Но как они победили? Кроме насилия, есть один психологический эффект, который использовали большевики. Человек, разрушающий свой собственный дом, по меньшей мере, кажется безумцем. Человека, разрушающего все дома на улице, мы склонны воспринимать как проектировщика новой, более благоустроенной улицы. Человеческий мозг отказывается признавать тотальное безумие и ищет ему рациональное оправдание. Такой особенностью человеческого сознания всегда пользовались творцы всех великих переворотов. У наших предков в свое время не хватило духу признать безумие безумием, хотя Думающие о России и тогда предупреждали, что все это кончится катастрофой.

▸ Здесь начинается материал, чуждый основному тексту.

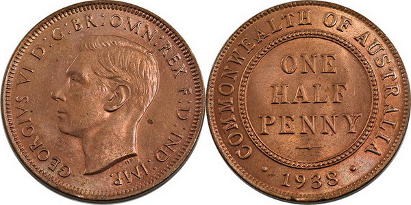 | Description: Halfpenny. 1938. Minor Reverse edge clip under date. Mint red. Ch.UNC/GEM |
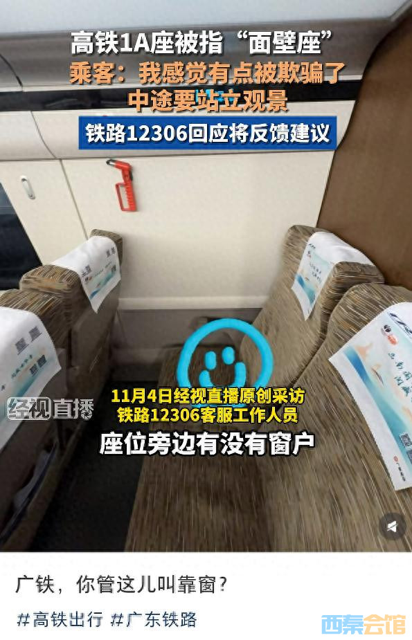 网友买高铁靠窗座位却遇“面壁座”,12306:“靠窗”意为靠..

— Но сегодня что делать? Все сходятся на том, что вы стоите перед пропастью.

— Думающие о России разработали несколько вариантов выхода из катастрофы. Я лично обдумал самый тяжелый случай: как вести себя, падая в пропасть.

Мы сейчас с вами разыграем этот случай. Представьте, что мы с вами летим в пропасть.

— А я при чем? Я американец.

— Но мы же пока теоретически разыгрываем этот вариант. Значит, мы с вами летим в пропасть, имея возможность разговаривать друг с другом. Спросите что-нибудь у меня.

— Что я должен спрашивать?

— Включайтесь в этот пока теоретический эксперимент. Выше голову, мы летим в пропасть и разговариваем. Спросите что-нибудь у меня, а я буду отвечать, как здесь. Все время спрашивайте у меня что-нибудь!

— Что-то я не пойму. Мы еще летим или уже там, на дне?

— Еще летим. На дне не поговоришь.

— Значит, нам конец там, на дне?

— Не обязательно. Мы можем ногами пробить дно и полететь дальше.

— А разве можно ногами пробить дно?

— Можно. Еще Пушкин сказал: вышиб дно и вышел вон. Дно наше. А раз у нас все прогнило, значит, и дно прогнило. Пробьем ногами дно и полетим дальше. Только ноги надо держать параллельно. Не забывайте!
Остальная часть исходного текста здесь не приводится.